12. The method of claim 1, wherein, The method further includes: Obtain the coordinate sequence of multiple lane lines; Extract the coordinate offset and offset features from each point in each lane line to the next point to generate the first training set; and The initial first network model is trained using the first training set to obtain the trained model.

13. The method of claim 2, wherein, The method further includes: Obtain a second training set, in which the training images are labeled with multiple lane lines and the coordinate offset of each point in each lane line to the next point; The initial second network model is trained using the second training set to obtain the trained model.

14. The method of claim 1, wherein, When the initial set of points includes multiple points, the multiple points are located on the same lane line, or the multiple points are distributed on multiple lane lines.

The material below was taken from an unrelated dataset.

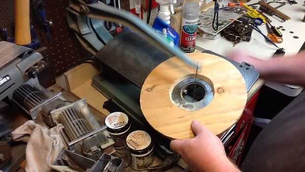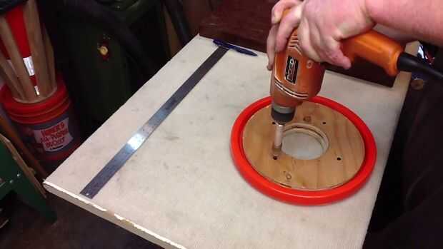 En este paso tienes que cortar un agujero de 4 1/4 de pulgada en la tapa del cubo para que coincida con el agujero en la madera y después de este paso sandwich la tapa cubo entre la madera contrachapada y taladre unos tornillos para mantenerlos juntos.

15. A lane line detection device characterized by comprising: include: The acquisition module is used to acquire images including lane lines; A processing module is used to determine an initial set of points in the image, the initial set of points being located on lane lines in the image; Extract the positional features of at least one point in the initial point set; The positional features of the at least one point are processed using a pre-trained first network model to obtain the trend information of the corresponding lane line, and a target lane line containing the initial point set is generated based on the trend information. The first network model includes a first network branch and a second network branch; The first network branch is used to predict the trend information of the corresponding lane line from the first direction; The second network branch is used to predict the trend information of the corresponding lane line from the second direction; The first direction is opposite to the second direction.

16. An electronic device, comprising: include: A memory and a processor, wherein the processor is connected to the memory; The memory is used to store programs; The processor is configured to invoke a program stored in the memory to execute the method as described in any one of claims 1-14.

17. A storage medium, characterized by It stores a computer program, which, when executed by a processor, performs the method as described in any one of claims 1-14.